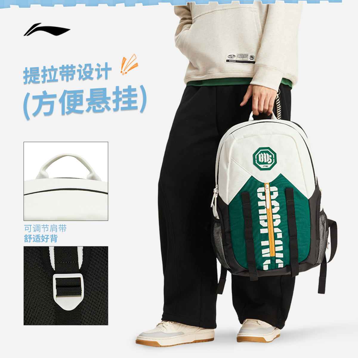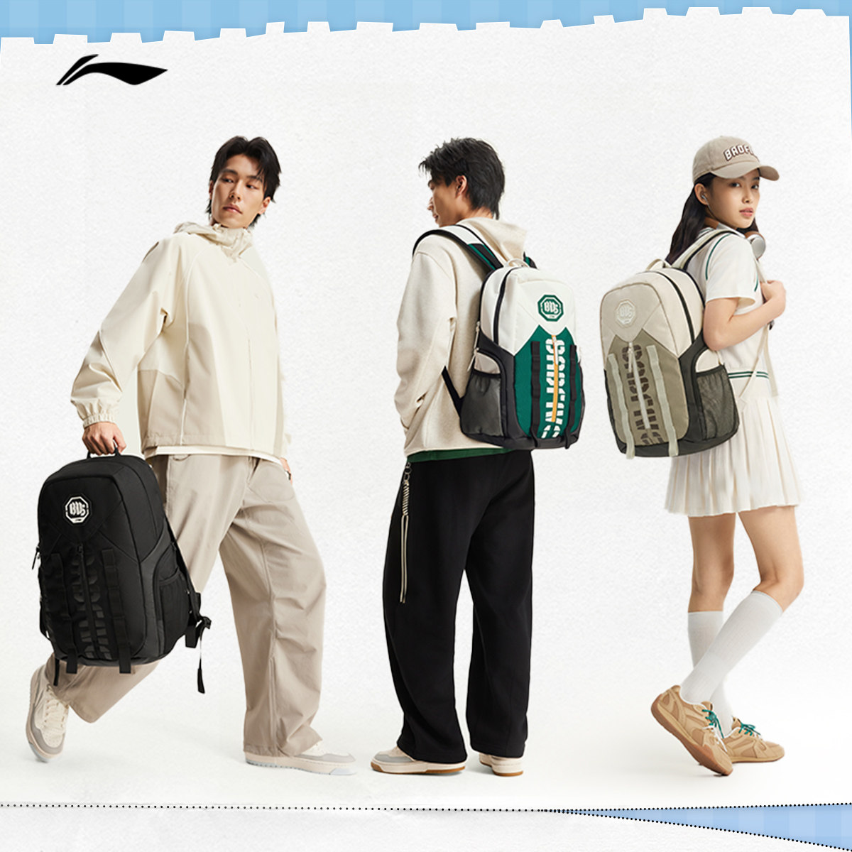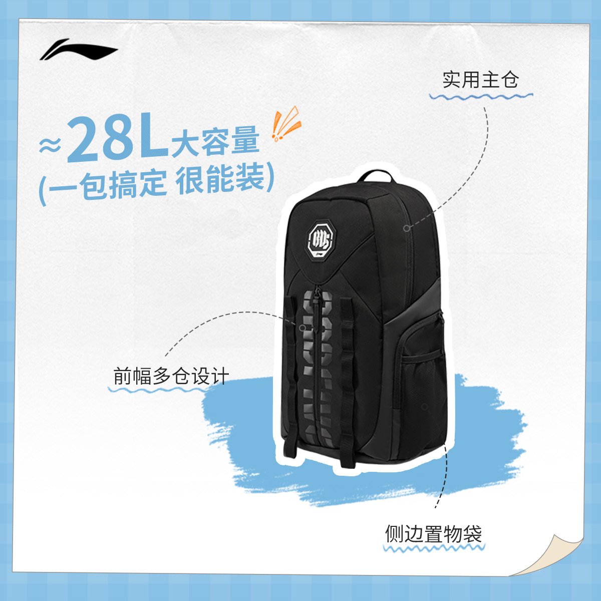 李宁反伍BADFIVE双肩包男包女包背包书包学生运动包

---

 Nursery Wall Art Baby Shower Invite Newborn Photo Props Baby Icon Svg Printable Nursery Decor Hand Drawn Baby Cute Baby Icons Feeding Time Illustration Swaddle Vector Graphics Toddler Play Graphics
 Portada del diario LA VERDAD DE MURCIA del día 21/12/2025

● Required action
Exact duplication is required for the lines above, from the line that contains "Nursery Wall Art" to the line that contains "Portada del diario", inclusive; omit all others.

● Solution for this task
 Nursery Wall Art Baby Shower Invite Newborn Photo Props Baby Icon Svg Printable Nursery Decor Hand Drawn Baby Cute Baby Icons Feeding Time Illustration Swaddle Vector Graphics Toddler Play Graphics
 Portada del diario LA VERDAD DE MURCIA del día 21/12/2025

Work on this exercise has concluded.